## PROVIDED DATA:
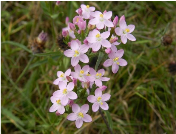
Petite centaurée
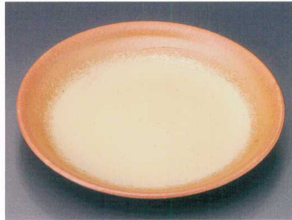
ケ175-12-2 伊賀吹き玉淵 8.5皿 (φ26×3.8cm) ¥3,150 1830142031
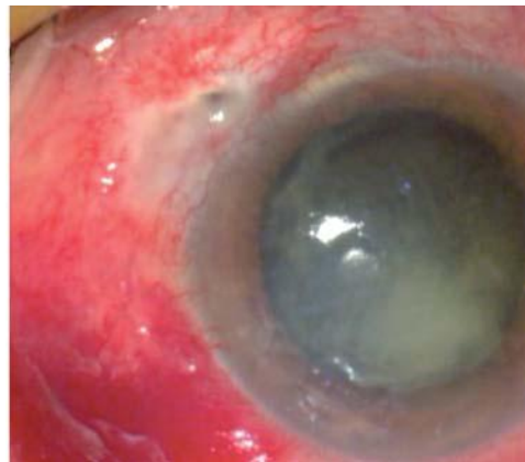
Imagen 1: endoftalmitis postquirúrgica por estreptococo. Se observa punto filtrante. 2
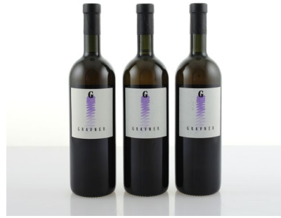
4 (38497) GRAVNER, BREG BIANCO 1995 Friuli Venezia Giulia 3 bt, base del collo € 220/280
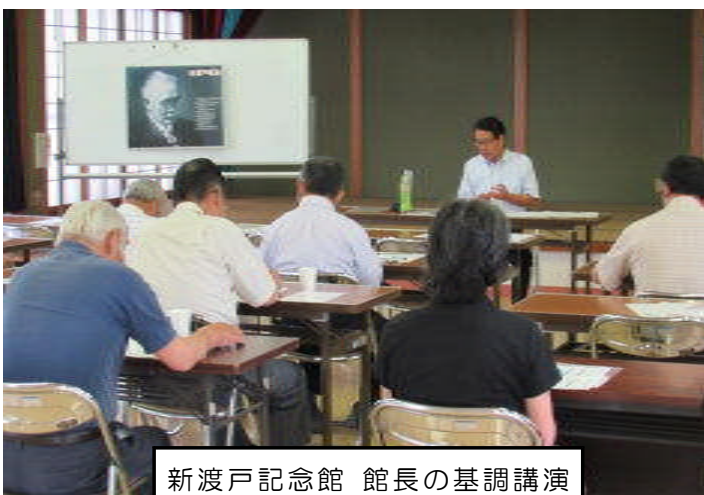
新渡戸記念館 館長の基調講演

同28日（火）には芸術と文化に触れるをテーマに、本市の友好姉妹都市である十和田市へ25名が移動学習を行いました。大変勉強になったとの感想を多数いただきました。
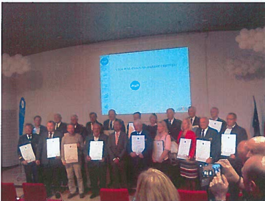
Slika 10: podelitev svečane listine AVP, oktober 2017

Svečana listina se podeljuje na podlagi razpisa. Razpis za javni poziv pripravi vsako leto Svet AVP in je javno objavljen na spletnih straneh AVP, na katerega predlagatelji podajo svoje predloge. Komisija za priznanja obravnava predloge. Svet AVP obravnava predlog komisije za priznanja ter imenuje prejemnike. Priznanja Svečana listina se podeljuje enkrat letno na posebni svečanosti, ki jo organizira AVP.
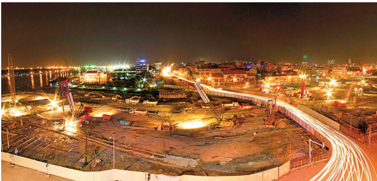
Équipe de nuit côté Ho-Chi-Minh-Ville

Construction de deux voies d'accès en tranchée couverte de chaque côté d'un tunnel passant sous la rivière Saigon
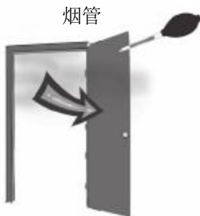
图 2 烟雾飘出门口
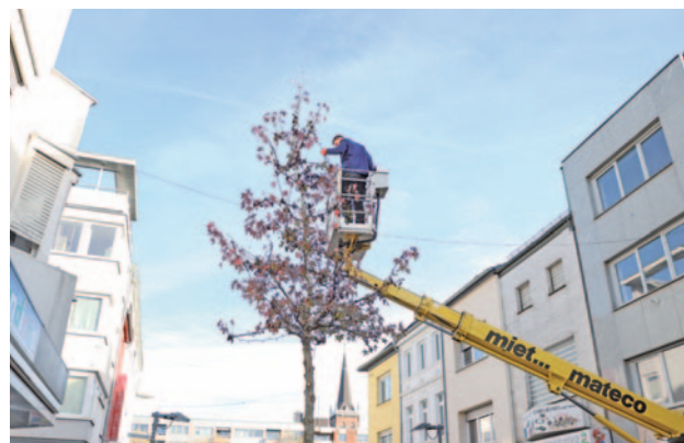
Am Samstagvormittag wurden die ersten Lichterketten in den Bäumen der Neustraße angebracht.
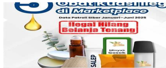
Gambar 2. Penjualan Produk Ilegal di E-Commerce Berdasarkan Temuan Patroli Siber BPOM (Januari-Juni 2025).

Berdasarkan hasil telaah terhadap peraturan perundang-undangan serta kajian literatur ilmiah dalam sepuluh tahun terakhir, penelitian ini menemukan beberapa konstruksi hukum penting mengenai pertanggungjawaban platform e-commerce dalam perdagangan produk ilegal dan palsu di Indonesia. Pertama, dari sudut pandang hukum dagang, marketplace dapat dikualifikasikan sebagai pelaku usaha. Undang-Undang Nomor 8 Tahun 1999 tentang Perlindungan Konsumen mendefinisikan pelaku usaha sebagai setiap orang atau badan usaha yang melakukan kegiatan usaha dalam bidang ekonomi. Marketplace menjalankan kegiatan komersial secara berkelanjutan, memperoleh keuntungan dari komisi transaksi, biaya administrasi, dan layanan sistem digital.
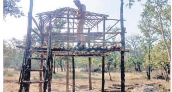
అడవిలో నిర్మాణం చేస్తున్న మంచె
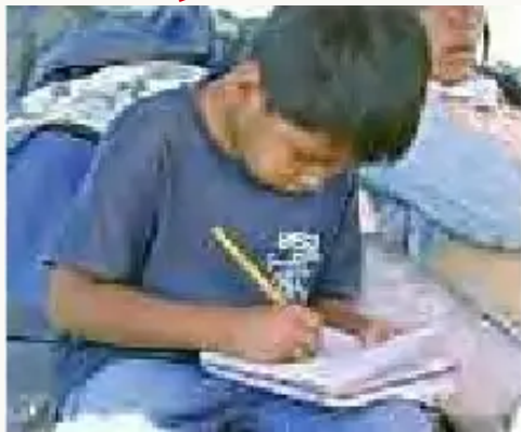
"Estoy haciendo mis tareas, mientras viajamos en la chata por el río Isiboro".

## EXERCISE PROMPT:
Could you return the entire listing above verbatim while dropping each picture?

## ANSWER TO THIS TASK:
Petite centaurée
ケ175-12-2 伊賀吹き玉淵 8.5皿 (φ26×3.8cm) ¥3,150 1830142031
Imagen 1: endoftalmitis postquirúrgica por estreptococo. Se observa punto filtrante. 2
4 (38497) GRAVNER, BREG BIANCO 1995 Friuli Venezia Giulia 3 bt, base del collo € 220/280
新渡戸記念館 館長の基調講演

同28日（火）には芸術と文化に触れるをテーマに、本市の友好姉妹都市である十和田市へ25名が移動学習を行いました。大変勉強になったとの感想を多数いただきました。
Slika 10: podelitev svečane listine AVP, oktober 2017

Svečana listina se podeljuje na podlagi razpisa. Razpis za javni poziv pripravi vsako leto Svet AVP in je javno objavljen na spletnih straneh AVP, na katerega predlagatelji podajo svoje predloge. Komisija za priznanja obravnava predloge. Svet AVP obravnava predlog komisije za priznanja ter imenuje prejemnike. Priznanja Svečana listina se podeljuje enkrat letno na posebni svečanosti, ki jo organizira AVP.
Équipe de nuit côté Ho-Chi-Minh-Ville

Construction de deux voies d'accès en tranchée couverte de chaque côté d'un tunnel passant sous la rivière Saigon
图 2 烟雾飘出门口
Am Samstagvormittag wurden die ersten Lichterketten in den Bäumen der Neustraße angebracht.
Gambar 2. Penjualan Produk Ilegal di E-Commerce Berdasarkan Temuan Patroli Siber BPOM (Januari-Juni 2025).

Berdasarkan hasil telaah terhadap peraturan perundang-undangan serta kajian literatur ilmiah dalam sepuluh tahun terakhir, penelitian ini menemukan beberapa konstruksi hukum penting mengenai pertanggungjawaban platform e-commerce dalam perdagangan produk ilegal dan palsu di Indonesia. Pertama, dari sudut pandang hukum dagang, marketplace dapat dikualifikasikan sebagai pelaku usaha. Undang-Undang Nomor 8 Tahun 1999 tentang Perlindungan Konsumen mendefinisikan pelaku usaha sebagai setiap orang atau badan usaha yang melakukan kegiatan usaha dalam bidang ekonomi. Marketplace menjalankan kegiatan komersial secara berkelanjutan, memperoleh keuntungan dari komisi transaksi, biaya administrasi, dan layanan sistem digital.
అడవిలో నిర్మాణం చేస్తున్న మంచె
"Estoy haciendo mis tareas, mientras viajamos en la chata por el río Isiboro".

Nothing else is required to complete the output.